YOUR OBJECTIVE: With the pictures left out, please return exactly the line holding "如果公司投资规模大,年销售收" and each following line until the entries end.

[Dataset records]
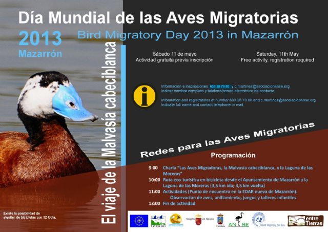 Con motivo de este día, la concejalía de Medio Ambiente del Ayuntamiento de Mazarrón ha organizado, en colaboración con la Asociación de Naturalistas del Sureste (ANSE), una serie de actividades en el marco del Proyecto "Conservación de la malvasía cabeciblanca en la Región de Murcia. España". Las actividades programadas se desarrollarán en el propio consistorio y en las lagunas de la rambla de "Las Moreras", humedal de importancia internacional incluido en la lista RAMSAR.
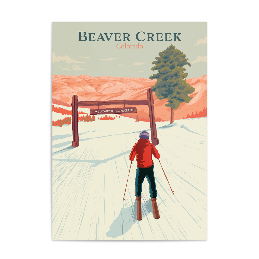 An original skiing print featuring the resort of Beaver Creek in the Rocky Mountains of Colorado, USA.
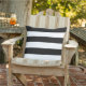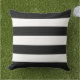 A bold outdoor pillow featuring striking black and white wide horizontal stripes. The high-contrast cabana stripe pattern delivers graphic, modern style to patio furniture, deck seating, or covered porches. A dramatic accent that anchors any outdoor space with confident, clean-lined pattern.
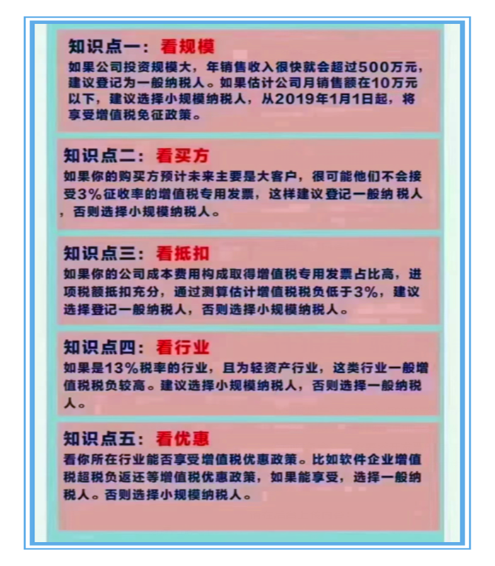如果公司投资规模大,年销售收入很快就会超过500万元,建议登记为一般纳税人。如果估计公司月销售额在10万元以下,建议选择小规模纳税人,从2019年1月1日起,将享受增值税免征政策。
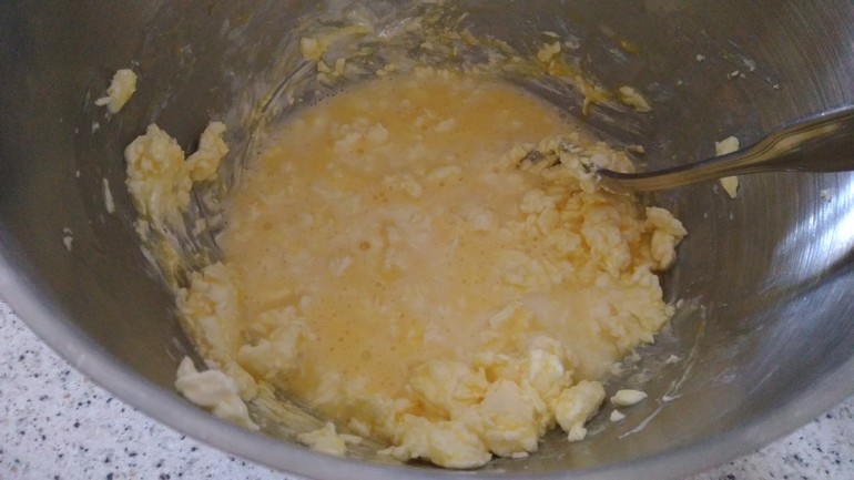 Мягкое масло взбить в крем до изменения цвета. И порциями ввести остывшую заварную массу.
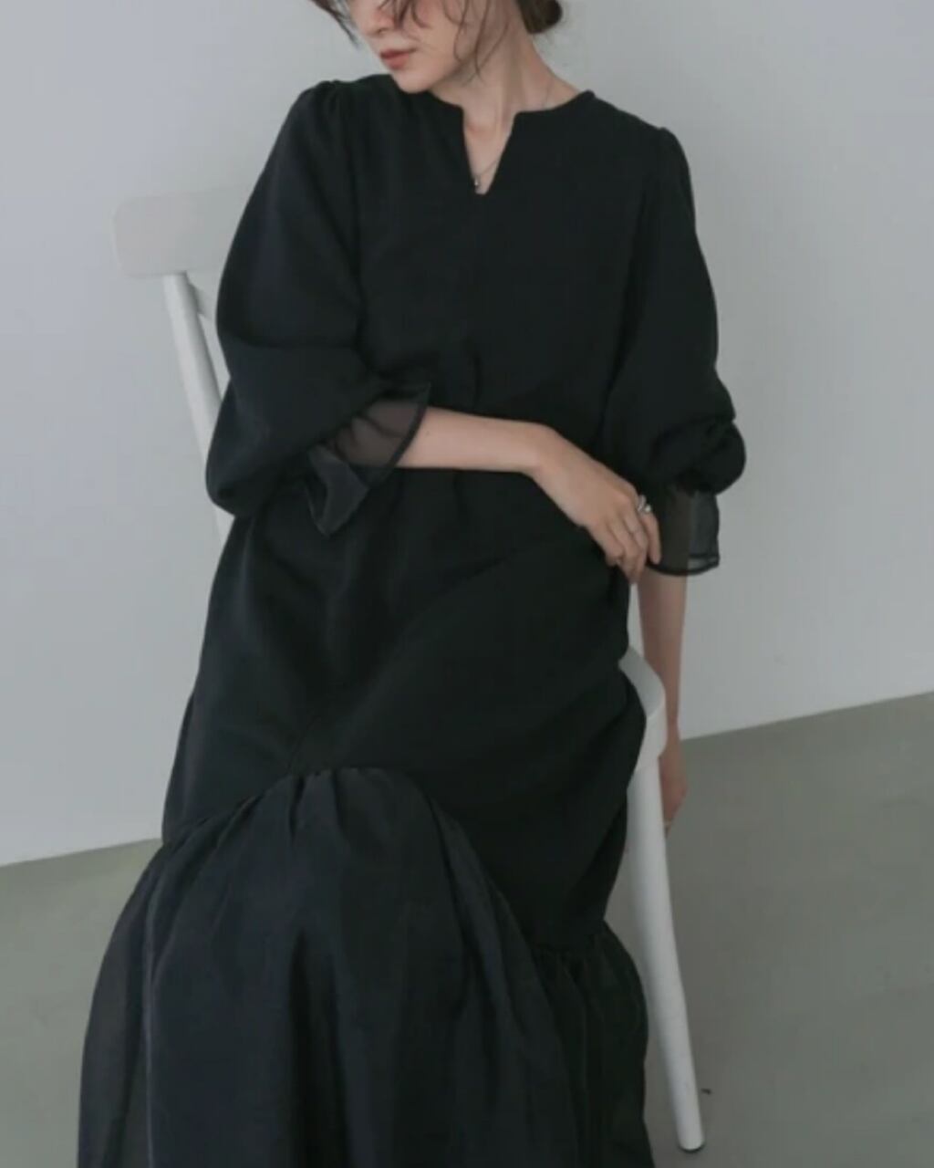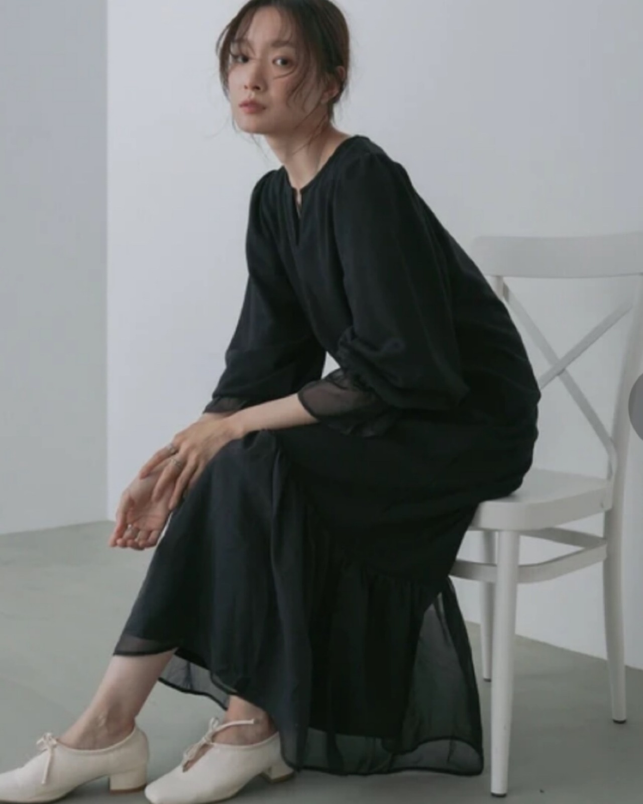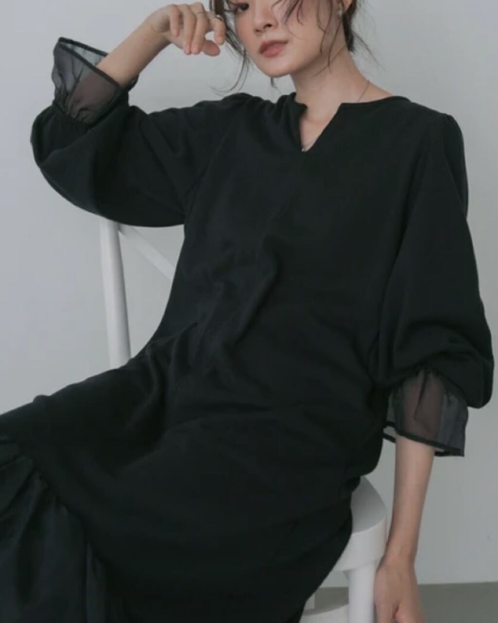 オケージョンにも日常使いにも使える万能ワンピースが秋冬仕様になって登場です!袖部分と裾部分がオーガンジーのレースでフェミニンな印象を与えてくれます。ワンピース本体はスウェット生地で着心地のいいワンピースですが、見た目はスウェットすぎない上品な生地感になっています。かっちりしすぎず、普段着にもなるので同窓会や二次会などにおすすめのアイテムです!
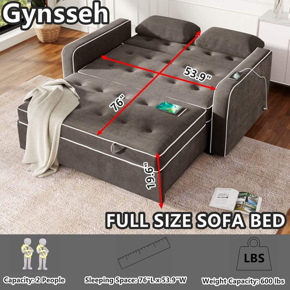 Sofá cama convertible de 2 plazas de diseño tradicional moderno, material de madera, función extraíble, dos cojines para sala de estar y dormitorio
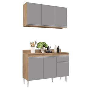 Para uma Cozinha linda e cheia de charme, conheça o Armário Aéreo Virgínia e Balcão para Pia com Tampo 120cm Arizona Castanho/Cinza, da Lumil.
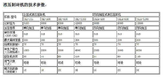 全自動液壓壓磚機(jī)的技術(shù)參數(shù):
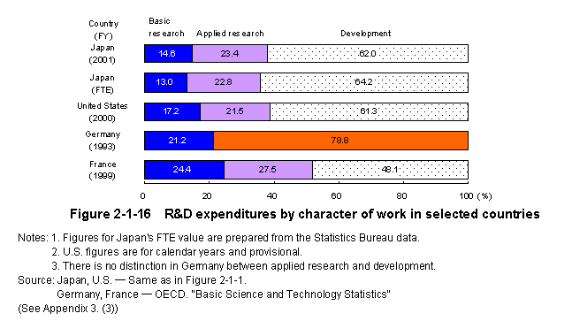 Classification into basic research,applied re-search and development 8) ,may differ from country to country.Although it is difficult to make a comparison due to differences in distinctions between the three among the countries concerned,R&D expenditure data by character of work generally reflects the R&D activity of each country.Recent statistical data for Japan,the United States,Germany and France shows that France and Ger-many spend more on basic research and that Japan spends less on basic research (Figure2-1-16) .
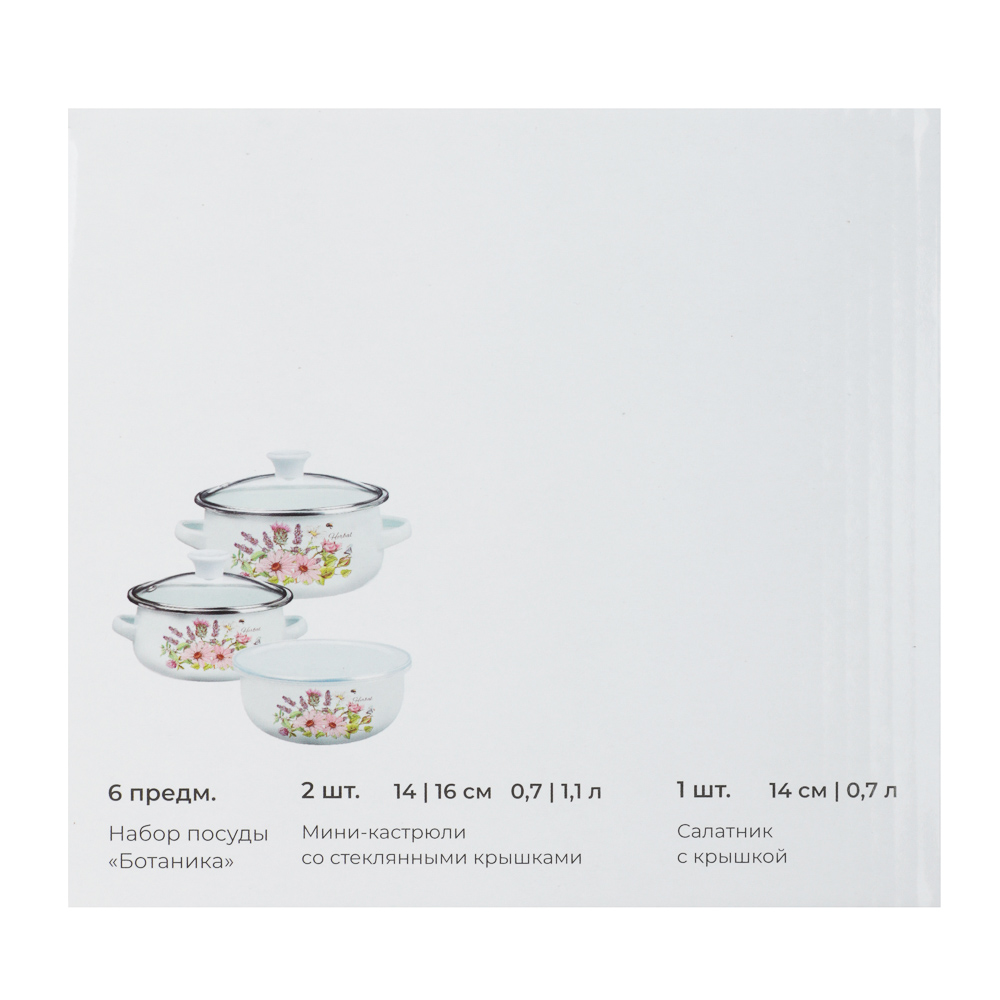 Набор мини-кастрюли 2шт.+салатник 1шт., с крышками, 6 пр (14/16/+14см, 0,7/1,1+0,7л) "Ботаника"

RESULT OF THIS TASK:
如果公司投资规模大,年销售收入很快就会超过500万元,建议登记为一般纳税人。如果估计公司月销售额在10万元以下,建议选择小规模纳税人,从2019年1月1日起,将享受增值税免征政策。
 Мягкое масло взбить в крем до изменения цвета. И порциями ввести остывшую заварную массу.
 オケージョンにも日常使いにも使える万能ワンピースが秋冬仕様になって登場です!袖部分と裾部分がオーガンジーのレースでフェミニンな印象を与えてくれます。ワンピース本体はスウェット生地で着心地のいいワンピースですが、見た目はスウェットすぎない上品な生地感になっています。かっちりしすぎず、普段着にもなるので同窓会や二次会などにおすすめのアイテムです!
 Sofá cama convertible de 2 plazas de diseño tradicional moderno, material de madera, función extraíble, dos cojines para sala de estar y dormitorio
 Para uma Cozinha linda e cheia de charme, conheça o Armário Aéreo Virgínia e Balcão para Pia com Tampo 120cm Arizona Castanho/Cinza, da Lumil.
 全自動液壓壓磚機(jī)的技術(shù)參數(shù):
 Classification into basic research,applied re-search and development 8) ,may differ from country to country.Although it is difficult to make a comparison due to differences in distinctions between the three among the countries concerned,R&D expenditure data by character of work generally reflects the R&D activity of each country.Recent statistical data for Japan,the United States,Germany and France shows that France and Ger-many spend more on basic research and that Japan spends less on basic research (Figure2-1-16) .
 Набор мини-кастрюли 2шт.+салатник 1шт., с крышками, 6 пр (14/16/+14см, 0,7/1,1+0,7л) "Ботаника"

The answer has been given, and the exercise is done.